Atheists in Streator, Illinois offended some Christians during Easter week by erecting a sign saying “Nobody died for our ‘sins’, Jesus Christ is a myth”. It was erected in protest against an Easter display of crosses in the same park. It caused so much offense that by Easter Sunday, the sign had disappeared and all that was left were two bent poles. In response the Atheist group, Freedom from Religion Foundation, offered a reward of $1,500 for information leading to the arrest and conviction of those responsible. They also want it treated as a hate crime. The sign in the picture is a replacement sign, to which they have added the additional message, “P.S. your god says ‘Thou Shalt Not Steal’”
Do you have an imaginary friend? If you believe in a God then the Colorado Coalition of Reason think you do. They are putting up billboards declaring that God is an imaginary friend and urging people to choose reality because it will be better for all of us. They say the billboards are not intended to cause offense, but to let like minded Atheists know that they are not alone. On their website they say they are not asking people to stop believing in their version of a supernatural being, just to stop trying to make everyone else do the same. Amen Brother. God Bless Atheism.

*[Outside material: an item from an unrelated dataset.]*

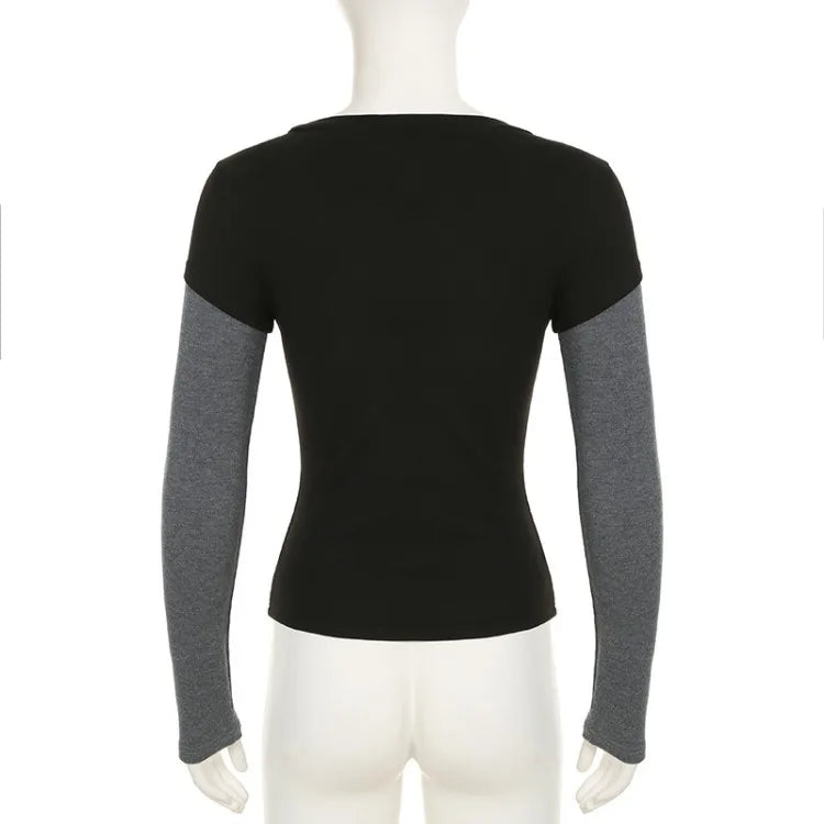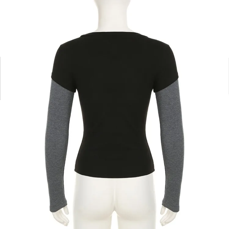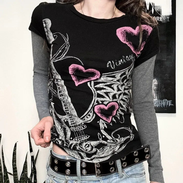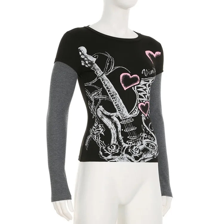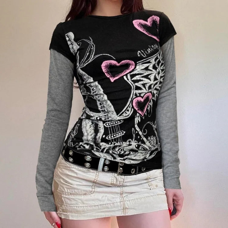 KYLETHOMASW - Heart Guitar Graffiti Printed Fake Two Piece Tops Mujer Early Spring New T-shirts for Women Y2k Slim Fit Long Sleeve Tee Shirt

Why do religious zealots need everyone else to believe what they believe? Family Radio spent a fortune on billboards trying to convince us that the world would end on May 21st this year. The leader of this cult is now saying that believers were saved on that day and it is now too late for salvation for the rest, although other broadcasters on the station are giving a different message. The icon on their website (wecanknow.com isn’t that ironic) is still a little calendar date of May 21, but there is no other mention of the date. They still say the world is about to end, but they are not so certain of the exact date anymore. The latest set of religious billboards to upset people are appearing in Sydney, Australia, sponsored by the Islamic group MyPeace. The slogan that seems to be causing most offense among Christians is “Jesus: Prophet of Islam”. They seem to think that would encourage Christians to see the similarities between the faiths, but it actually shows one of the fundamental differences. More details at onislam.net. Last Christmas we had an Atheist group, in New York, putting up billboards about the birth in a manger being a myth, which was counteracted by Christian billboards saying it was real. Before that it was billboards on buses, in the UK, saying there is definitely no God, again counteracted by there definitely is a God. The Universal Church Triumphant of the Apathetic Atheist has a meditation on American religious billboards. Although it all provides great amusement for Apathists, who don’t care who is right, it is an awful waste of money that could be used for better purpose. So why do people spend so much trying to convince others to share their beliefs? My guess is that it’s easier to have strong beliefs in things that have no evidence or proof, if lots of other people believe it too. We can’t all be crazy, can we?
A bus advertisement stating, “there definitely is a God” drew the largest number of complaints in 2009, according to the British Advertising Standards Authority. The campaign was organised by the Christian Party, the Trinitarian Bible society (a bible publisher) and the Russian Orthodox Church. The add was a direct response to another bus advertisement placed by the British Humanist Association which stated, “There is probably no God. Now stop worrying and enjoy your life.” The Humanist advertisement was the sixth most complained about in 2009. It’s a little disheartening to an Apathist that people are willing to go to such lengths to advertise their beliefs and that so many people care enough to complain about them.
Bus advertisements seem to be the weapon of choice for religious battles. In the US, Pamela Geller, who maintains the blog “Atlas Shrugs”, started a “Leave Islam” campaign, which she claims advertises support for Muslims fearing to leave their religion. Similar adverts were pulled in Miami after Muslims claimed they were a smoke screen for hatred, but they were re-instated following a lawsuit.